The JSONPath language is defined by an IETF specification, currently in draft. The rsonpath project implements a subset of the language according to the spec with two major differences outlined in rsonpath-specific behavior.

The below reference uses terminology from the spec, but tries to use less dry language. If you already know the spec, you can probably skip this chapter.

JSONs as trees

A JSON document is a tree structure, defined in the intuitive way. A node is either an atomic value, i.e. a number, string, true, false, or null, or a complex value, i.e. an object or a list.

An object is a collection of members identified by member names or keys. Each member name has a single child node associated. A list is an ordered collection of child nodes identified by a zero-based index.

Anatomy of a query

A JSONPath query, in essence, defines a pattern that a path in a JSON must match for the node at that path to be selected. The simplest query is a sequence of keys.

$.a.b.c.d

It will access the value of the "a" key in the root, then the value under the "b" key in that object, then the value under "c", and finally the value under "d". For example, in the JSON:

{
    "a": { "b": { "c": { "d": 42 } } }
}

it will access the value 42 by digging into the structure key by key.

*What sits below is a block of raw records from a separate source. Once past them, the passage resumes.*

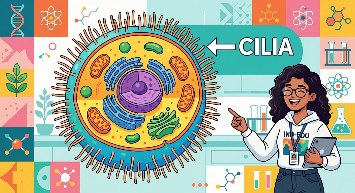 Welcome, future doctors! Imagine your cells wearing tiny, vibrating hair-like sneakers. These are cilia! They are microscopic, hair-like extensions on the surface of your cells. Think of them as the tiny, active workers that help your cells move or push things around in your body.
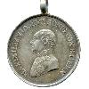 Hochovales, durchbrochen gefertigtes Ehrenzeichen aus vergoldeter Bronze. Am oberen Rand eine aufgesetzte 5-büglige Krone. Auf der Rückseite eine senkrechte Anstecknadel mit Gegenhaken.
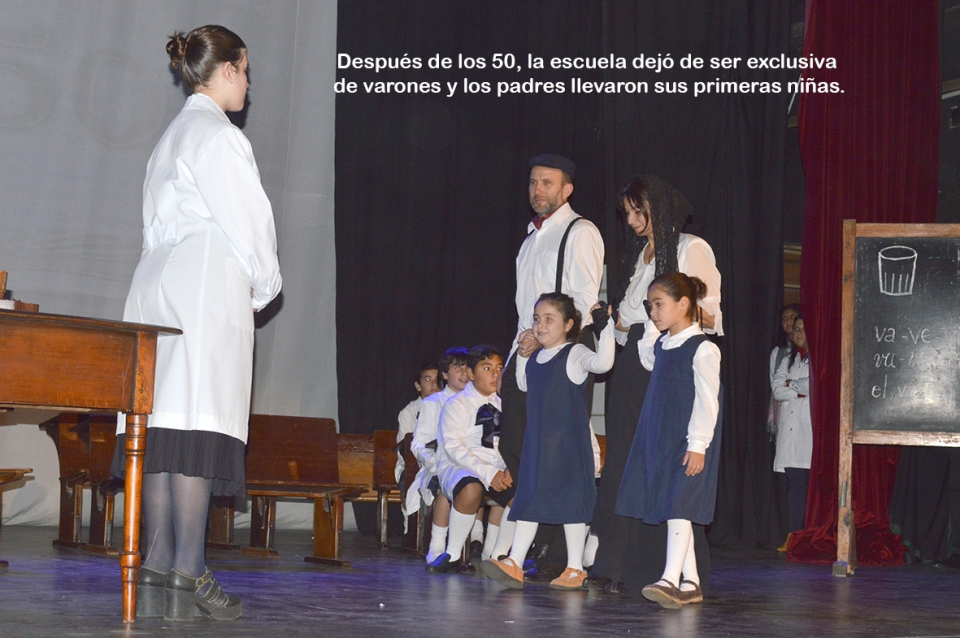 El acto contó además con diferentes cuadros plásticos en el que intervinieron alumnos, ex alumnos y padres, que fueron contando poco a poco la historia de la escuela en sus principales momentos.

$ rq '$.a.b.c.d' --json '{ "a": { "b": { "c": { "d": 42 } } } }'
42

In general, a JSONPath query is a sequence of segments. Each segment contains one or more selectors. Canonically, selectors are delimited within square brackets, but some selectors have a shorthand dot-notation. For example, the query above is equivalent to:

$['a']['b']['c']['d']
$ rq "$['a']['b']['c']['d']" --json '{ "a": { "b": { "c": { "d": 42 } } } }'
42

A valid query starts with the $ character, which represents the root of the JSON. In particular, the query $ simply selects the entire document.

Segments

There are two types of segments:

  • child segment selects immediate children, or, in other words, digs into the structure of the document one level deeper. A child segment is either a bracketed sequence of selectors [<sel1>, ..., <selN>], or a shorthand dot notation like .a or .*.

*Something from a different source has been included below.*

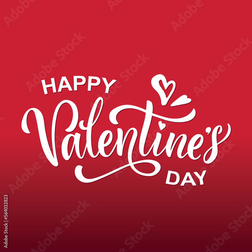 Happy Valentine's Day handwritten text. Hand lettering typography, modern brush ink calligraphy with romantic symbols. Vector colorful illustration. Concept for greeting card, banner, poster, print

  • descendant segment selects any subdocument, or, in other words, digs into the structure of the document at any level deeper. A descendant segment is either a bracketed sequence of selectors preceded by two dots ..[<sel1>, ..., <selN>], or a shorthand double-dot notation like ..a or ..*.

Selectors

Note that we only cover selectors that are currently supported by rsonpath. Issues to support more selectors can be found under the area: selector label.

Name selector

The name selector selects the child node under a given member name. It’s most commonly found under its shorthand form, .key or ..key, which works with simple alphanumeric member names.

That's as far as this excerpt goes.